Researchers from CNIC in Spain have discovered that clonal hematopoiesis is a risk factor for atherosclerosis, leading to the development of potential personalized treatments for patients. Clonal hematopoiesis involves certain blood-forming stem cells acquiring genetic mutations and growing more than usual in the body. These acquired changes can increase the risk of blood cancers and other disorders. Mutations in the TET2 gene have been linked to clonal hematopoiesis, which was found to be associated with an increased cardiovascular risk.
In a study published in Nature Medicine, researchers clarified the relationship between clonal hematopoiesis and atherosclerosis by analyzing data from a population of healthy middle-aged individuals over several years. They found that participants with mutations linked to clonal hematopoiesis were more likely to develop atherosclerosis, suggesting that clonal hematopoiesis contributes to the development of this condition. A board-certified interventional cardiologist, Cheng-Han Chen, noted that increased clonal hematopoiesis resulted in greater atherosclerosis, indicating a causal relationship between the two.
Despite the findings, more research is needed to understand how clonal hematopoiesis leads to atherosclerosis. It is hypothesized that mutated blood cells produce inflammatory mediators that promote the buildup of arterial plaques. The increased understanding of clonal hematopoiesis mutations in younger, healthier individuals challenges previous assumptions that these mutations only affect older adults. Hospitals have established clonal hematopoiesis clinics to monitor individuals with this condition, but the identification of the condition for cardiovascular disease prevention is not yet recommended.

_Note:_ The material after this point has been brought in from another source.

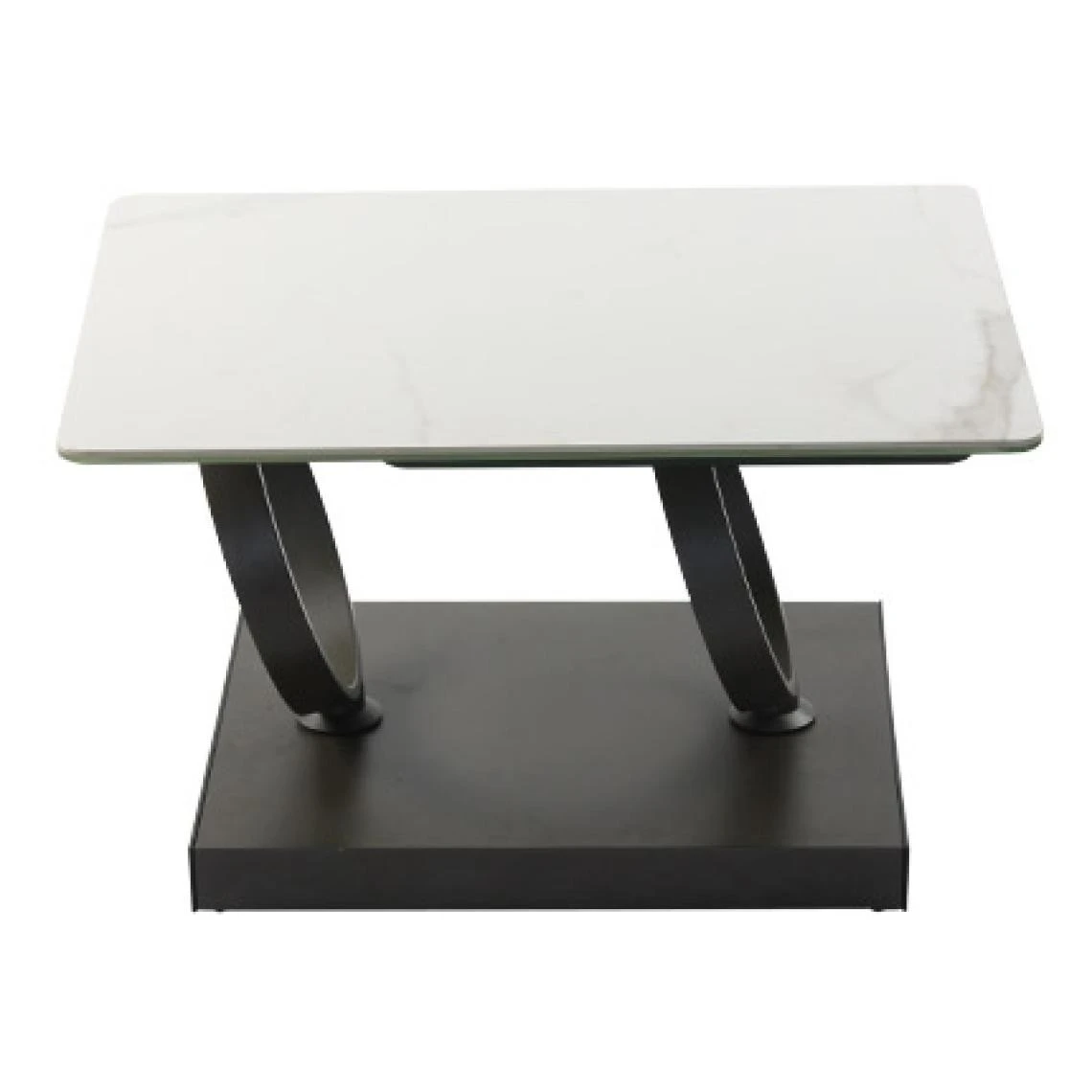 Admirez cette table basse avec double plateau en marbre blanc de haute qualité idéale pour maintenir un mobilier de longue durée de vie. Son design incliné et stable lui confère un aspect agréable à observer. La finition laquée de ses montantes et de son socle lui offre une bonne protection contre les rayures et griffures. Sa surface en marbre poli fait ressortir toute la luminosité de votre pièce et la rend plus gaie. Ses formes régulières sont mises en avant dans le style décoratif contemporain. Son format compact est un atout non négligeable qui augmente sa maniabilité.

Future treatments for clonal hematopoiesis could involve personalized strategies tailored to specific mutations linked to the condition. By blocking the effects of these mutations, researchers hope to prevent cardiovascular disease in carriers of clonal hematopoiesis. Screening for these mutations could potentially assess long-term health risks and lead to earlier interventions, such as lifestyle changes or specific treatments, especially for those with high-risk mutations. The development of personalized treatments for clonal hematopoiesis could open up new avenues for decreasing the risk of cardiovascular disease in affected individuals.